HP is one of several firms aggressively doing acquisitions. Its latest, EDS, takes it one big step closer to being able to build a cloud-based IT outsourcing business, likely catching most of its competitors by surprise and effectively cornering this market.
Another high-profile HP effort is Halo, which just got an award for environmental responsibility. Given the American Airlines announcement indicating a massive reduction in travel capacity, telepresence systems like Halo have never been more timely. But Halo is a telecommunications product, and HP is not a telecommunications company.
In telecommunications, Cisco, which has a a nicely-branded competitive offering, is better positioned. So, if HP is serious about Halo, and it is, will it buy Alcatel-Lucent (or another telecommunications company) and formally enter this market?
Maybe, but it likely depends on what direction the PBX market will go and whether HP is capable of driving the market in a different direction.
VoIP Killed the PBX
The traditional PBX is dead, having been killed off by VoIP. Products still exist in the market, but like any dinosaur when fatally wounded it takes a while for the beast to die out. And PBXs have a service life measured, like mainframes, in decades.
VoIP is viable and Cisco has been riding this horse successfully; arguably, it is currently the most financially successful company providing a PBX-like solution. This means we are likely at the front end still of what will be a massive change-out across the industry of aging telecommunications offerings. It would be natural to replace a large number of conference room voice-only solutions with telepresence products to gain both significant cost and collaboration advantages and to make sure the two systems can work together.
This suggests Cisco would exit this process with a massive installed base advantage that would be difficult to counter by any company that could not provide a similarly integrated and bundled solution. I should also mention that this should provide additional fuel to what is already a significant network technology upgrade wave.
Alternative Path: Cell Phones?
A large number of companies currently pay for two redundant phone services for their employees: the desk phone and the cell phone. Eliminating one or the other, or at least integrating the two, to reduce redundant connection charges would seem to provide a significant advantage. HP does have a cell phone business and a robust set of phone management tools, but it doesn’t extend to call routing. There is no evidence of being able to create a virtual PBX yet, but that might be an interesting alternative path and one that would have significant cost advantages. Cell phones are vastly more convenient and can be much more effective as communications tools.
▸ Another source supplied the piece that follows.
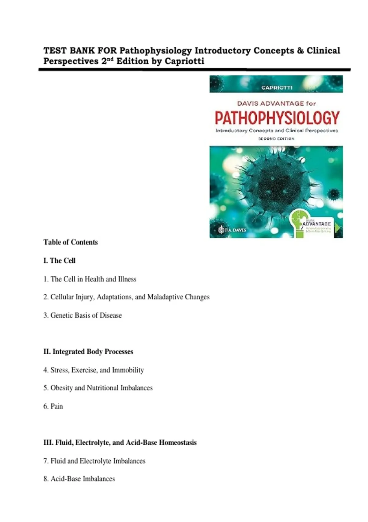 TEST BANK FOR Pathophysiology Introductory Concepts & Clinical

Add in technologies like WiMax - which coupled with VoIP could create an opportunity to vastly reduce related charges - and there is the potential for an innovative, disruptive solution that steps outside where current PBX companies and Cisco are positioned.
The Thin Client Angle
Now let’s rethink this a bit. If we look at the future of the smartphone and realize that it will never have the processing power to truly embrace client-side computing, we might suggest another path still, that of a thin client. If we remote the processing, we can provide desktop-class performance on a device that potentially fits in a cell phone performance envelope. It could do both tasks connected to a back-end set of services that would emulate a PBX for inbound calls and outbound call routing.
If we look to HP’s cloud strategy, this solution could, with the exception of the telecommunications technology it would have to acquire, link together a number of strategic HP resources, from wireless thin clients and smartphones to servers and PC blades. This would create the potential for a super cloud-based communications service (which could include e-mail). Once created, it should provide massive economic benefits and give HP a technology lead, assuming it can complete it, that would be difficult for even Cisco or IBM to match.
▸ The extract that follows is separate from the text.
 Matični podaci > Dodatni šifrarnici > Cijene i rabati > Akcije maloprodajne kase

Will HP Buy Alcatel-Lucent?
Possibly, if HP were Oracle, but HP is much more cautious in its strategy, and this would be a big acquisition. But HP is already buying into the telecommunications market with Halo, and convergence between telecommunications and computing remains inevitable. I think, however, much like it was with the gaming PC segment, someone else will need to make this move first before HP is prompted to follow the same path. There is simply too much risk in being the first mover, and the AT&T/NCR and IBM/ROLM lessons are still too recent.
But I think this is an area worth watching because, at some point, one of the major players will once again move to combine telecommunications and computing. With gas prices skyrocketing, telepresence could be the trigger to making this happen.